Santiago et al. reported the CVMS’s poor reliability and validity, suggesting the difficulty of consistent and accurate assessments [44]. However, our study achieved higher intra- and inter-observer agreement in CVMS classification (κ = 0.86 to 0.92 and κ = 0.62 to 0.78) than previously reported low to moderate levels of agreements [15, 16]. Our results also exceeded the substantial agreement levels noted by Rainey et al. (κ = 0.6 to 0.8, inter-observer κ = 0.68) [45]. This improvement could be attributed to the calibration session, which minimized discrepancies and variations in the assessment process, leading to greater agreement among observers. The less than perfect inter-observer agreement reflects the inherent variability of opinions among raters [46]. This variability was expected due to differences in raters’ experience and the subjective nature of visual assessments [47]. In fact, this supports the utility of AI in clinical orthodontics, where obtaining a consensus among orthodontists is not always possible.

Prior studies often relied on a single rater to train AI models [20,21,22,23, 26, 27] to simplify the process, but could potentially introduce bias. The variability in individual interpretations [15, 16] raises questions about the effectiveness of models trained solely on such data. Mathew et al. highlighted in a systematic review that diagnostic accuracy fluctuates due to variations in the quality of input data and a lack of standardization including intra- and inter-observer agreement [34]. Our methodology mitigated the issue of relying on a single rater for AI training due to CVMS classification’s inherent subjectivity by utilizing a panel of raters. The inclusion of patient’s age, and C2–C4’s morphology further enhanced the accuracy of classifications.
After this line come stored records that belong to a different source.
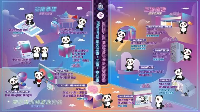 除了課堂教學,警方亦透過軟性手法將國安知識帶入社區。區智仁介紹,名為「國安快遞(NSpeed)」的宣傳車在2025年已走遍全港18區,曾到訪49間學校,接觸近5.8萬名學生;而設有互動問答遊戲的「NSmart」裝置亦走訪了95間學校,接觸逾4.4萬名師生。他形容,這些設施因結合遊戲與獎品,深受學生歡迎,往往在小息及放學時段出現「排長龍」的情況。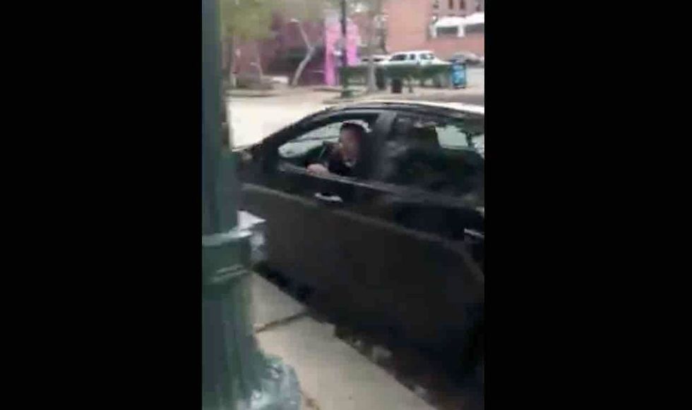 Then as the driver speeds away, he makes the mistake of turning his head back toward the Trump supporter in order to deliver one, final parting shot: "Stupid a**hole!" he apparently yells.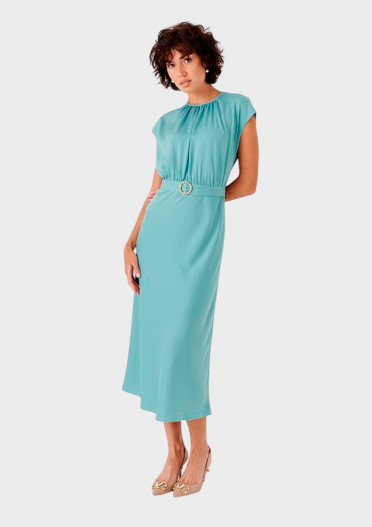 Платье с поясом в голубом цвете подчеркнет фигуру, благодаря изящному поясу. Длина миди идеально подходит для прохладного сезона, позволяя сочетать изделие как со свитером, так и с пиджаком. Стильный выбор для повседневных образов и особых случаев.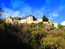 Juval Castle (German: Schloss Juval; Italian: Castel Juval [kaˈstɛl juˈval]) is a medieval castle located at the entrance of the Schnalstal, in the Vinschgau, above the village of Naturns in the comune of Kastelbell-Tschars at around 1000 meters above sea level, in South Tyrol, northern Italy. It derives its name from the Latin name of the mountain, Mons Jovis (mountain of Jupiter).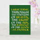L'ancienne prière catholique irlandaise connue sous le nom de "Saint Patrick's Breastplate" nous descend de Saint Patrick lui-même. C'est une prière à dire en se levant le matin, et elle invoque la puissance de Dieu contre tous les maux auxquels nous sommes confrontés. C'est un beau passage de cette prière : "Je me lève aujourd'hui, à travers la force du ciel, la lumière du soleil, l'éclat de la lune." Il est écrit en élégante calligraphie blanche et or et est belle sur le vert ou sur le noir, ainsi qu'une variété d'autres couleurs.

While a few studies involved two raters to improve reliability [28,29,30], our study employed a panel of three raters. Moreover, our study utilized a consensus-based mechanism to create datasets for models training. We believe that it is an innovative method that reduced subjectivity and bias. This marks our research as the first to apply the approach specifically to this task. It emphasized the importance of a consensus among raters in refining AI model training for improved diagnostic accuracy.

The Majority Voting dataset had a sample size of 1268 cephalograms, surpassing the typical range of 236 to 1018 samples reported in previous studies [20,21,22,23,24,25, 27,28,29,30]. This is a high quality dataset not only in terms of sample size but also in balance across different datasets. On the contrary, the scarcity of the Complete Agreement dataset highlighted the difficulty in obtaining unanimous consensus among all raters and underscored the challenges in curating datasets of this nature. It also reflects the preparation required to attain a high level of reliability. Despite its smaller sample size (456 samples), the Complete Agreement dataset achieved the highest accuracy (77.4%) in our study. These results suggested that when all raters are in complete agreement, the data quality increased as demonstrated by the better accuracy achieved. Santiago et al. [20] obtained a high accuracy rate of 81.4% but used a relatively small dataset consisting of only 236 samples. Such high accuracy in a small dataset may predispose to a potential risk of overfitting. Overfitting occurs when a model learns to perform exceptionally well on the specific data provided, but might not generalize effectively to unseen data. Conversely, Kim et al. [28] utilized a larger dataset comprising 720 samples but achieved a lower accuracy of 62.5%. The lower accuracy could be attributed to the increased complexity and diversity of a larger dataset which might require a more robust and generalized model. Hence, it is essential to strike a balance between dataset size and model performance when aiming to achieve both generalizability and accuracy.

To the best of our knowledge, this study is the first to incorporate feature selection into its methodology to classify CVMS with AI. The results found features related to C2–C4’s morphology significant and consistent with the description by Baccetti et al. [12]. However, features unrelated to the description by Baccetti et al. [12] such as the base width of C3 and C4 were deemed significant in individual rater datasets but not in Majority Voting nor Complete Agreement datasets. This observation further supported the advantage of employing a panel of raters over a single rater as these unrelated features might be used by individuals but were excluded by the consensus process. Another noteworthy feature in our model was the patient’s chronological age. This is very practical for everyday clinical practice since age and gender are often factors in evaluating growth and development. Age in particular can be helpful in differentiating between closely related stages. The selection of age as a significant feature substantiated the potential of employing feature selection to enhance precision in CVMS classification. It also supported a recommendation that CVMS assessment should not be performed in isolation [46].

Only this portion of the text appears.